その許可を得た瞬間、グラの唇が、歓喜に歪んだ。

「――いただきます!」

彼女がそう呟いた瞬間、その小さな身体から、目に見えない捕食域が爆発的に展開された。それは、かつて渋谷を飲み込んだ物理的な破壊ではない。人々の魂から発せられる、負の感情エネルギーだけを狙って喰らう、魂の捕食器。

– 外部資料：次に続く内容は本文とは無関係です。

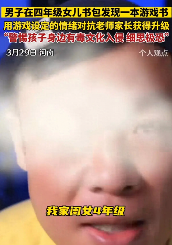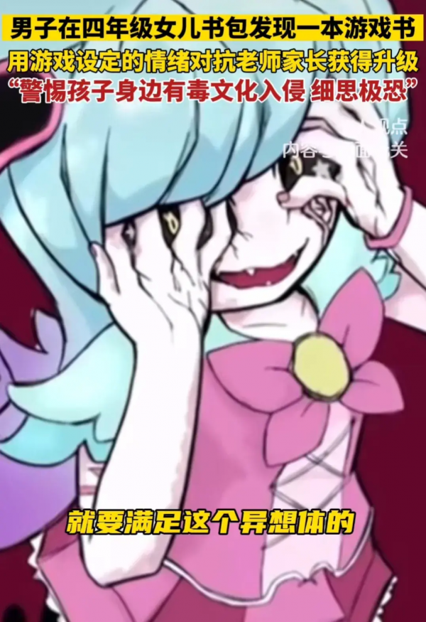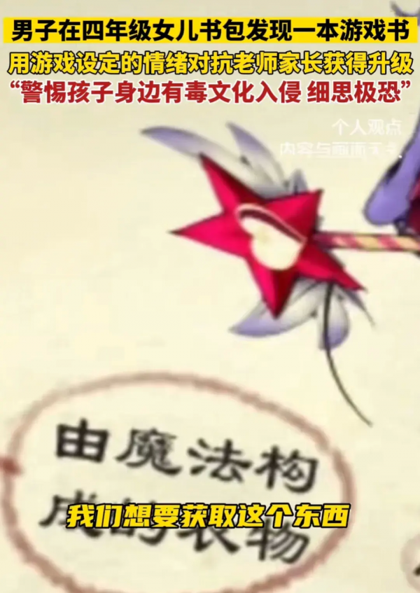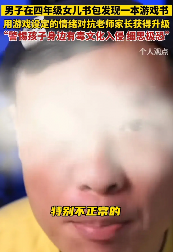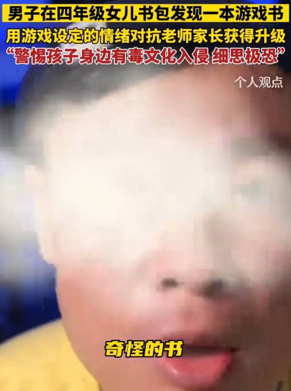 近日,一位男子在女儿的四年级书包中发现了一本神秘的游戏书。这本书能够通过游戏设定引导孩子们与老师和家长进行情绪对抗,并在战胜他们后获得升级。这种毒害我们孩子们的文化入侵必须引起我们的高度警惕!
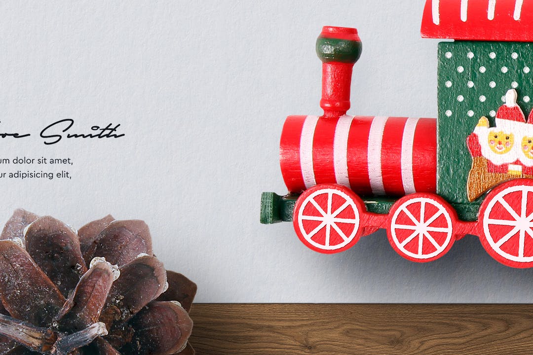 该木制火车圣诞场景A4海报文具样机将帮助您改善演示文稿或任何其他项目。在这里您可以找到高质量的图像,以高分辨率拍摄。所有对象、灯光和阴影都被单独分开。通过智能对象可以轻松编辑圣诞样机。它非常有用、优雅且易于应用。非常适合印刷和网页设计。用质量和美丽使您的顾客感到惊讶!
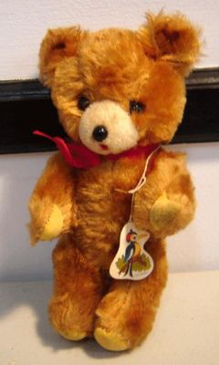 | Vintage 1960s JOINTED TEDDY BEAR unused w/ tag Pecker |
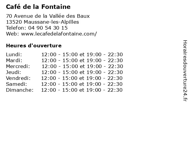 | Vendredi | 12:00-15:00 et 19:00-22:30 |
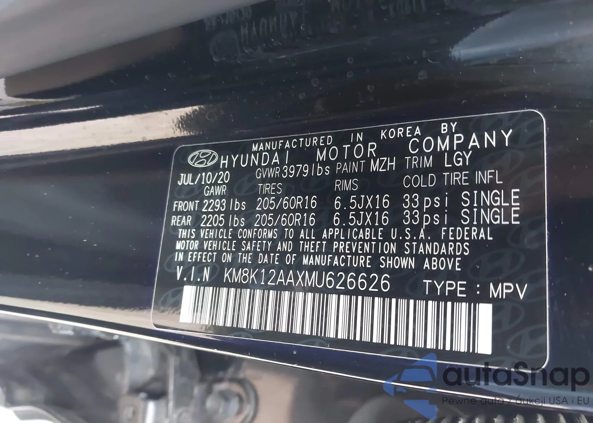 LOT: 43365822 VIN: KM8K12AAXMU626626
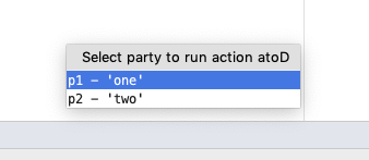If the action can be performed by multiple parties, a window appears prompting for the actual party to execute this
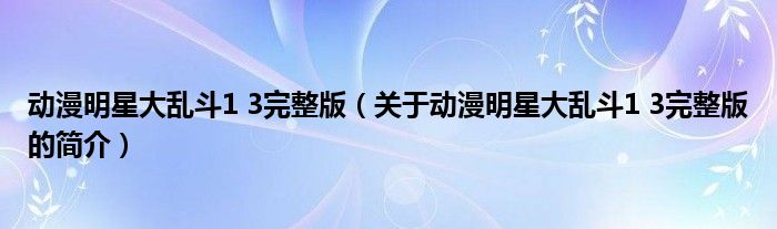 大家好,動漫明星大亂斗1 3完整版,關于動漫明星大亂斗1 3完整版的簡介很多人還不知道,現在讓我們一起來看看吧!
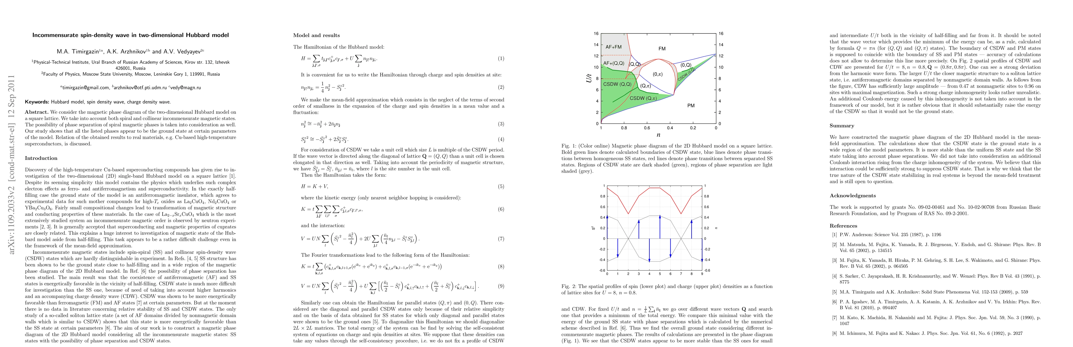 This research explores the magnetic phase diagram of the two-dimensional Hubbard model, identifying various incommensurate magnetic states, including spiral and collinear phases, and discusses their potential ground state conditions and relevance to real materials like Cu-based superconductors.
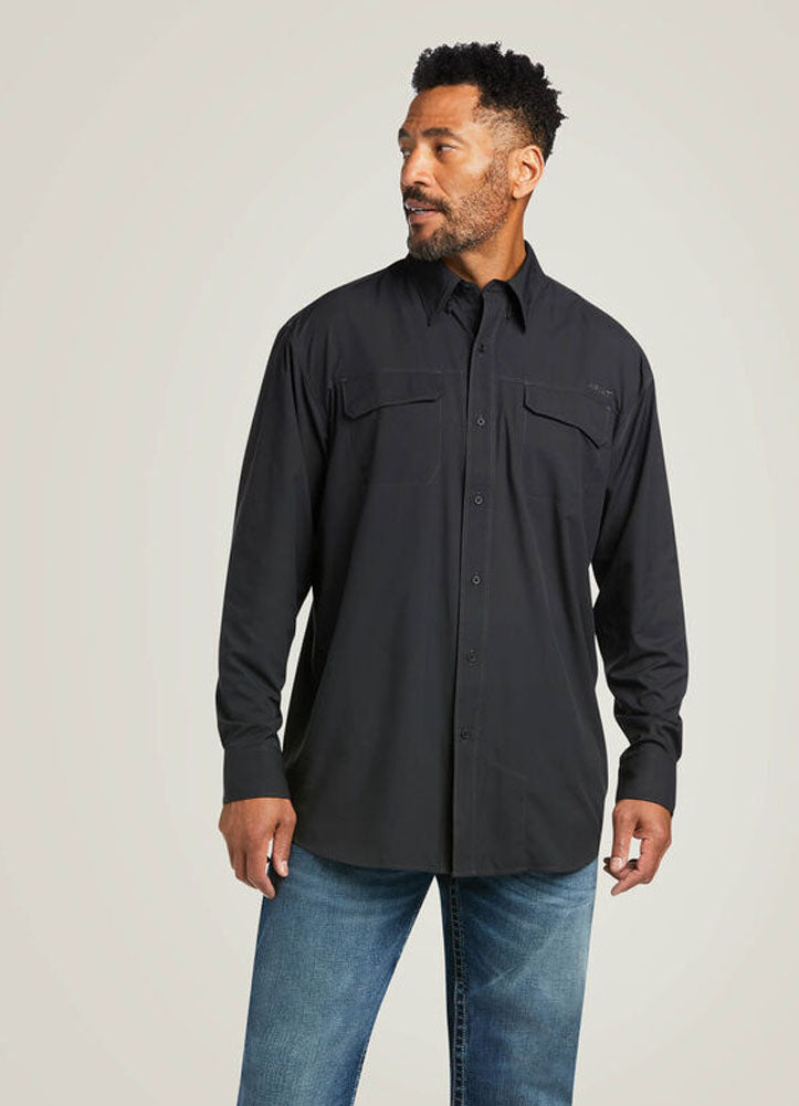 This versatile long-sleeve button-down delivers lightweight comfort with a clean, modern look, featuring dual front pockets, a smooth performance fabric, and a relaxed fit that moves with you. Perfect for workdays, weekends, and everything in between.

取り囲んでいた人々の身体から、黒い靄のようなものが引きずり出され、渦を巻いてグラの身体へと吸い込まれていく。エネルギーを吸われた人々は、次々とその場に崩れ落ち、まるで憑き物が落ちたかのように、呆然とした表情で我に返っていく。

「……素晴らしいわ。本当に、素晴らしい食べっぷり」

傀儡の女は、その光景をうっとりと眺めている。

「でも、私の役目は時間稼ぎ。あの方が、あなたという『おもちゃ』を、心ゆくまで味わうためのね」

その言葉に、俺はイヴに叫んだ。

「イヴ!糸を探せ!こいつを操ってる、ルクスリア本体に繋がる糸を!」

「……はい!」

イヴは目を閉じ、その精神を研ぎ澄ませる。彼女のクリーンなゴーストが、汚染された精神ネットワークの奔流の中から、傀儡を操る一本の繋がり――サイコ・ストリングスを探し出そうと、情報の海へと深く潜っていく。

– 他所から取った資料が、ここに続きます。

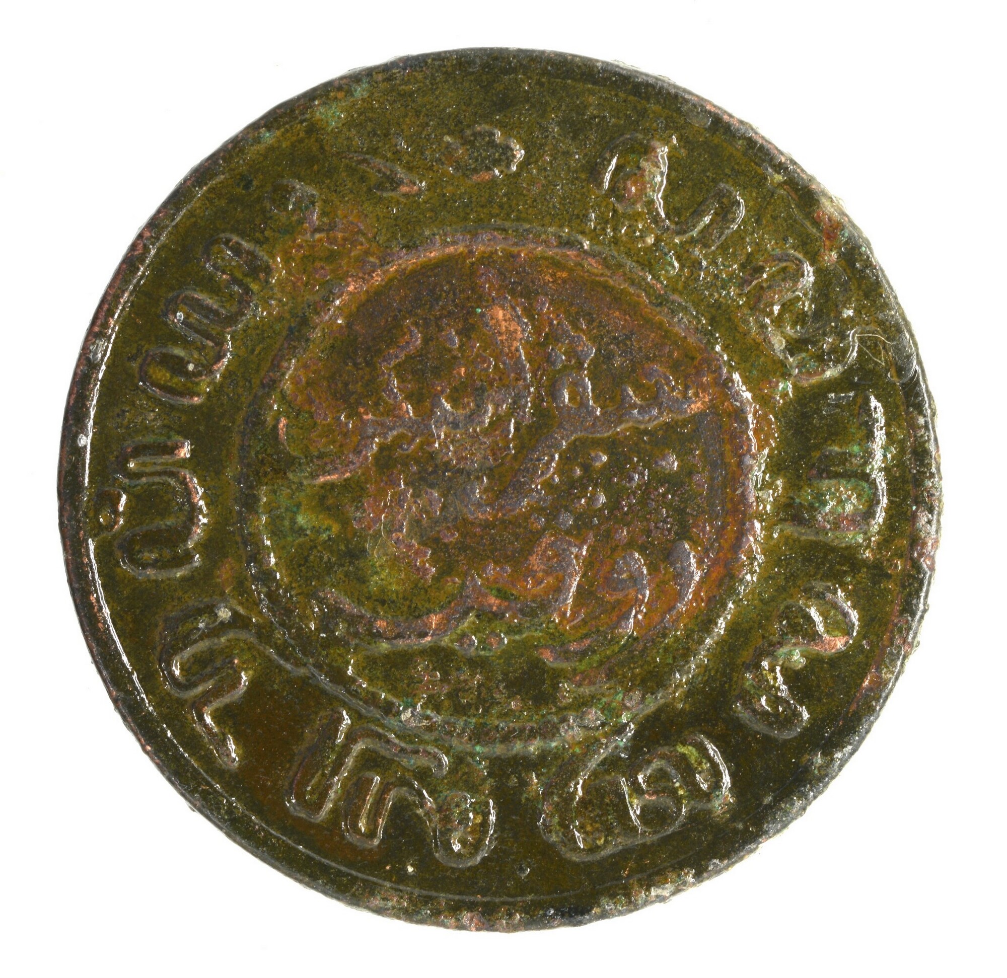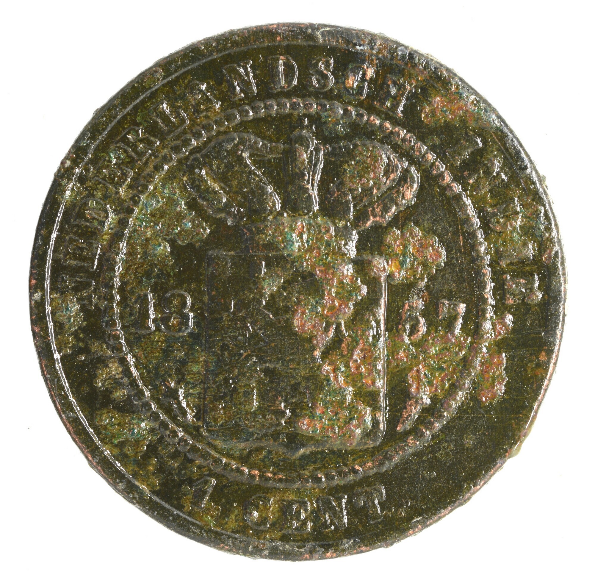 1 cent Nederlands Indie; vz.: het wapen van het Koninkrijk der Nederlanden met het jaartal 1857 en randschrift 1 CENT NEDERLANDSCH INDIE; kz.: Oud-Javaans schrift; gewicht: 4.67 gram

傀儡の女は、グラによって力が削がれ、さらにイヴによって本体との接続を探られていることに気づき、初めてその余裕の笑みを消した。

「……時間切れ、かしら」

彼女はそう呟くと、優雅に一礼し、踵を返した。

「あのルクスリアは、あなたをとても気に入ったみたい。次は、もっと素敵な『愛』で満たしてくださるそうよ……。この、夜の世界でね」

彼女はそう言い残すと、崩れ落ちた人々の間を縫って、闇の中へと消えていった。

後には、呆然とする人々が転がる混乱したテラスと、彼女が立っていた場所に落ちていた、一枚のマッチ箱だけが残されていた。

そこには、金色の箔押しで、こう記されていた。

『The Silk Palace』

俺は、そのマッチを拾い上げ、強く握りしめた。

色欲の魔女が仕掛けた、最初のゲーム。その招待状を、俺たちは確かに受け取ったのだ。